(The data Opens)

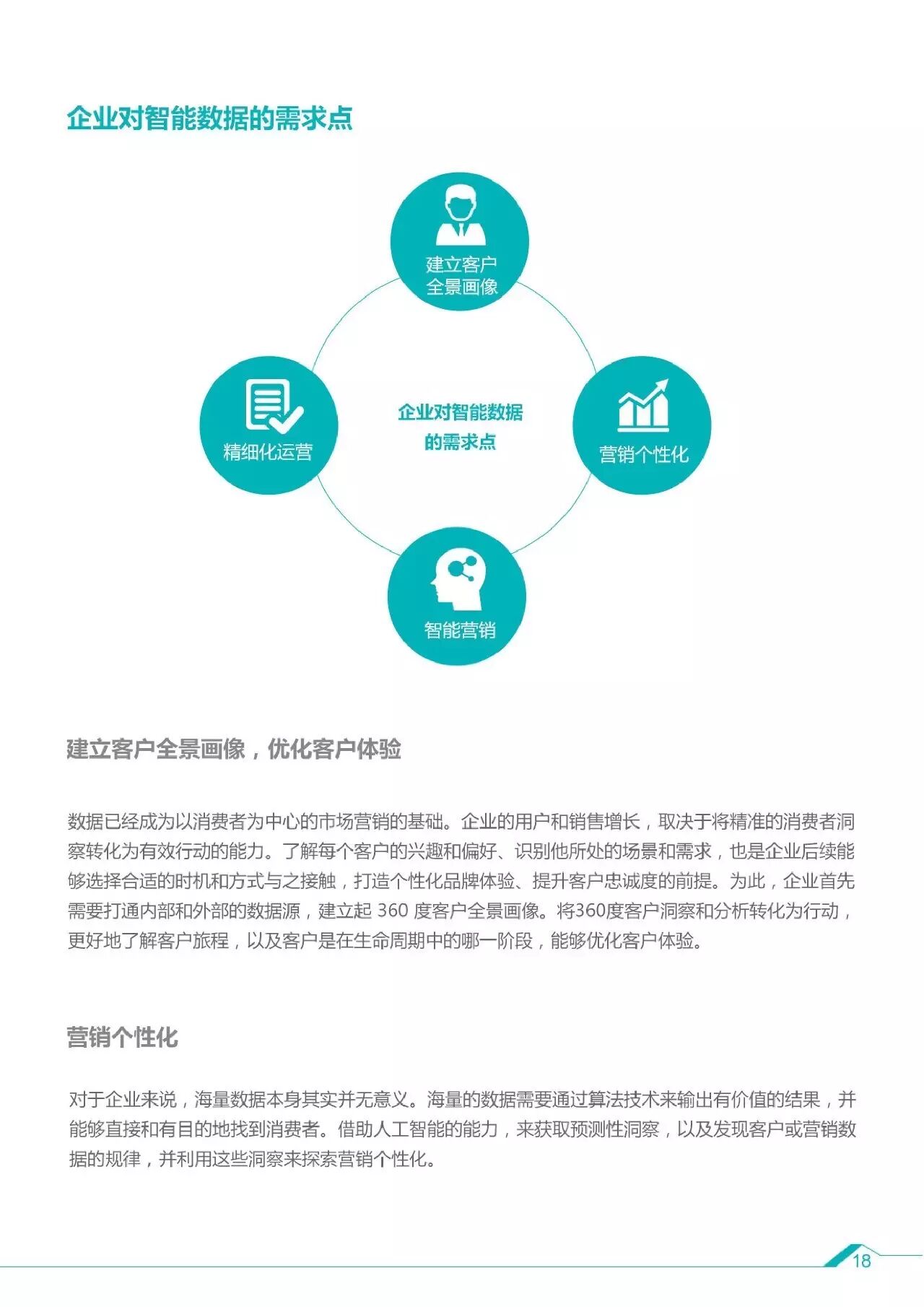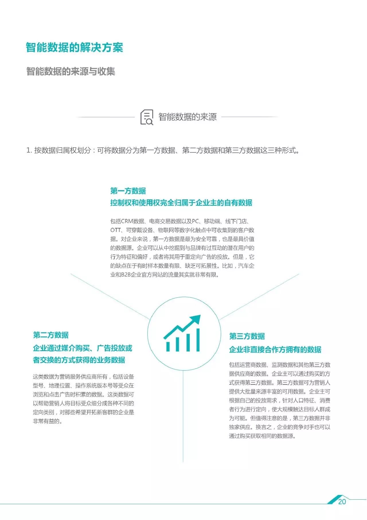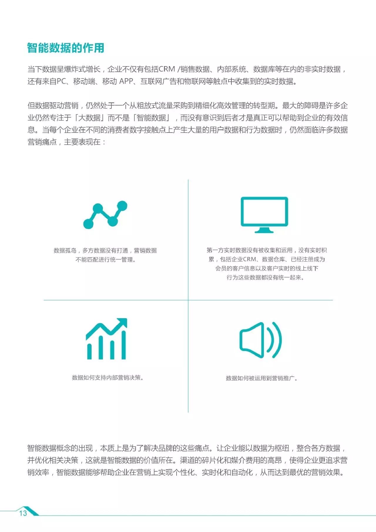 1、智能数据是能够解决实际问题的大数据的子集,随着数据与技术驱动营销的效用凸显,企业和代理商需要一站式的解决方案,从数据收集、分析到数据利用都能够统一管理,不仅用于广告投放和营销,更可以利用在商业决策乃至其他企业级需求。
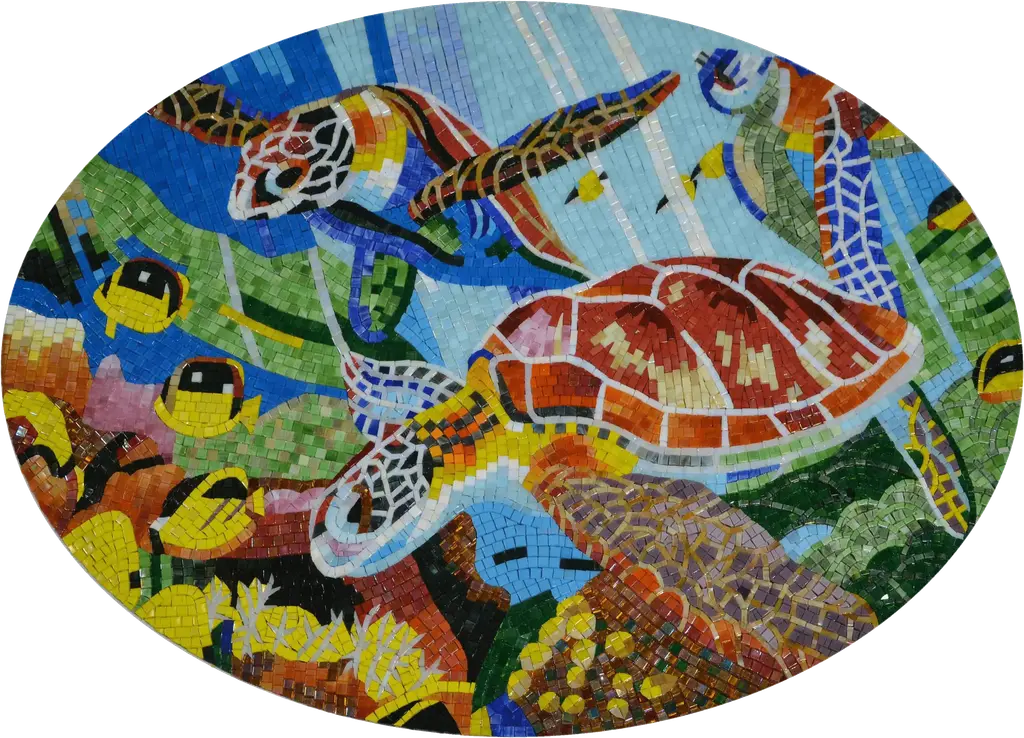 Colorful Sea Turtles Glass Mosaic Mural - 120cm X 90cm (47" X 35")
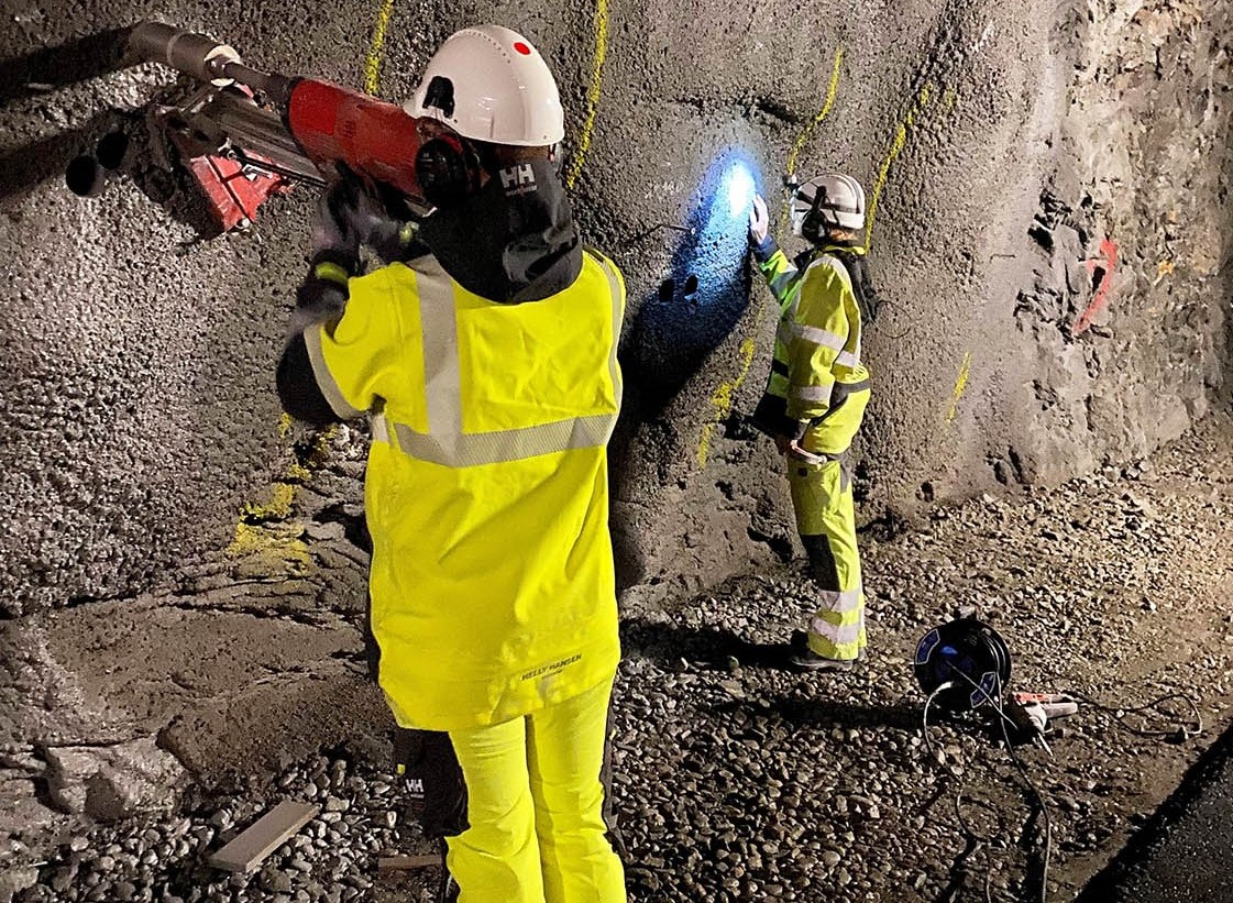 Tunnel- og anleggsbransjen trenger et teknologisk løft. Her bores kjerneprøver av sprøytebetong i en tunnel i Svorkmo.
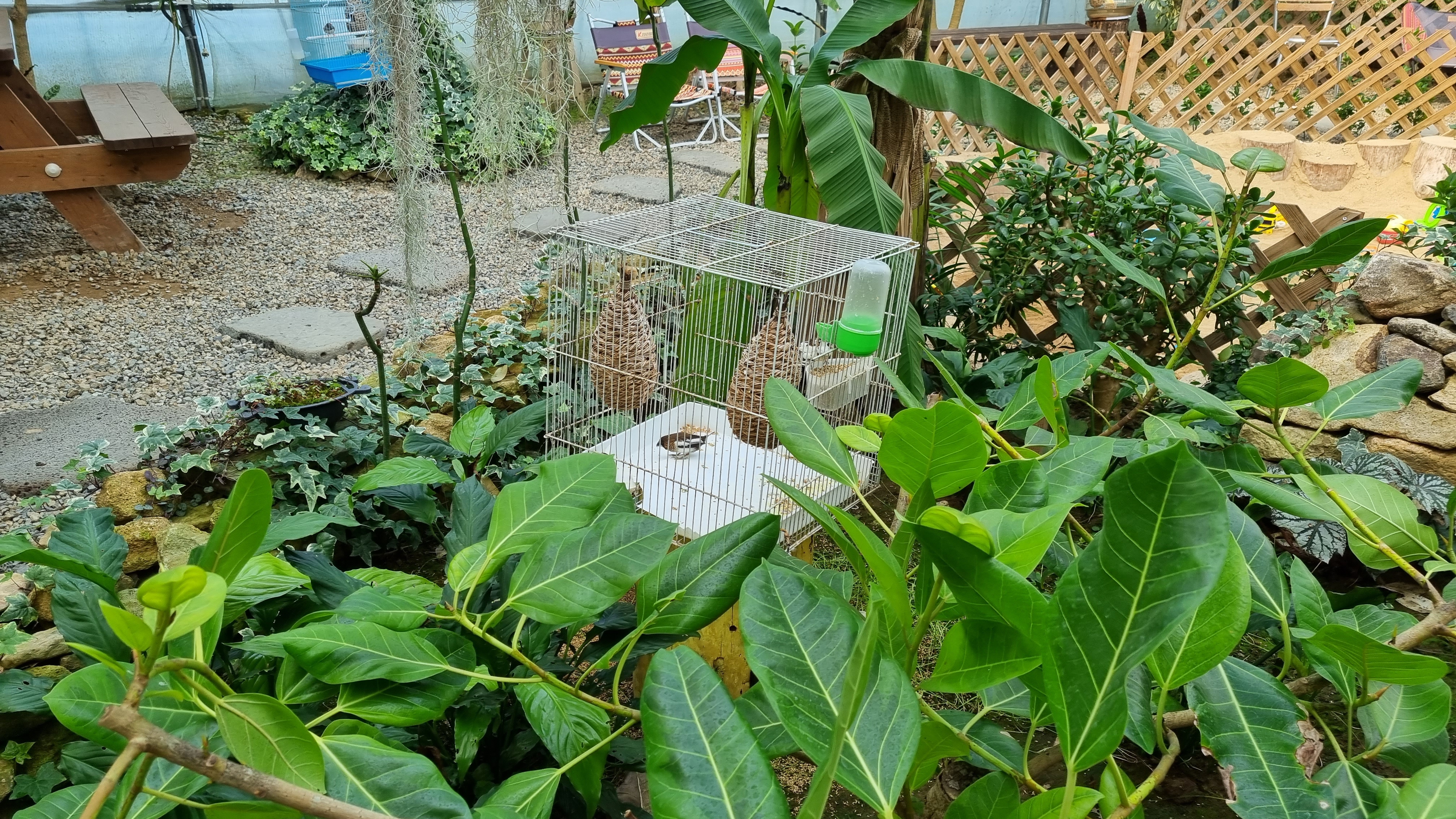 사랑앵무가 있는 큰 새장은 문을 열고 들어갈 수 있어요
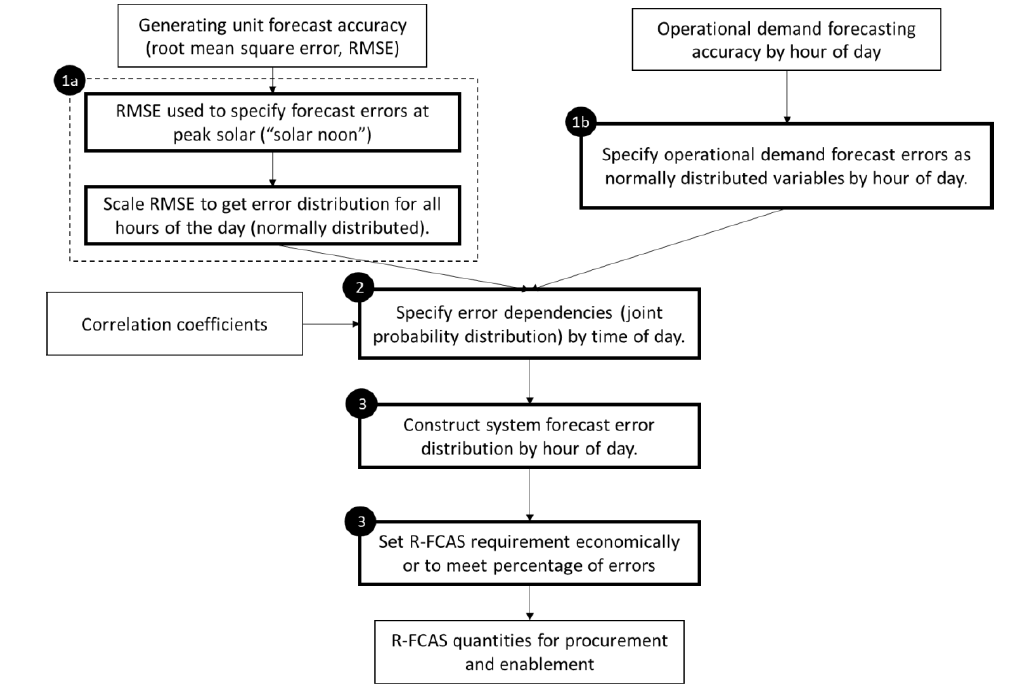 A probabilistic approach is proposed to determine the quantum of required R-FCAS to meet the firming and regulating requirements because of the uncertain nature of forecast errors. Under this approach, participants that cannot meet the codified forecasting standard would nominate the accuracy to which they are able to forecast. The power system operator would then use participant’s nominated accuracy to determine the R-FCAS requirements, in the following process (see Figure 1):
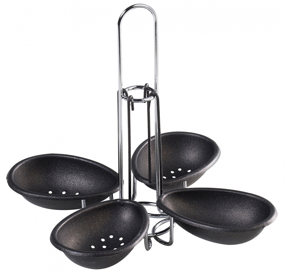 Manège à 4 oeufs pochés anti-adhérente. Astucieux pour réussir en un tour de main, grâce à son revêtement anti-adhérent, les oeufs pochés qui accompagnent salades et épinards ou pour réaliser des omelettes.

(The data Closes)

▸ What is needed: Only the lines from the one containing "A probabilistic approach" through the end of the records above should be retyped, exactly as they stand, with any pictures left out.

▸ Solution for this task:
 A probabilistic approach is proposed to determine the quantum of required R-FCAS to meet the firming and regulating requirements because of the uncertain nature of forecast errors. Under this approach, participants that cannot meet the codified forecasting standard would nominate the accuracy to which they are able to forecast. The power system operator would then use participant’s nominated accuracy to determine the R-FCAS requirements, in the following process (see Figure 1):
 Manège à 4 oeufs pochés anti-adhérente. Astucieux pour réussir en un tour de main, grâce à son revêtement anti-adhérent, les oeufs pochés qui accompagnent salades et épinards ou pour réaliser des omelettes.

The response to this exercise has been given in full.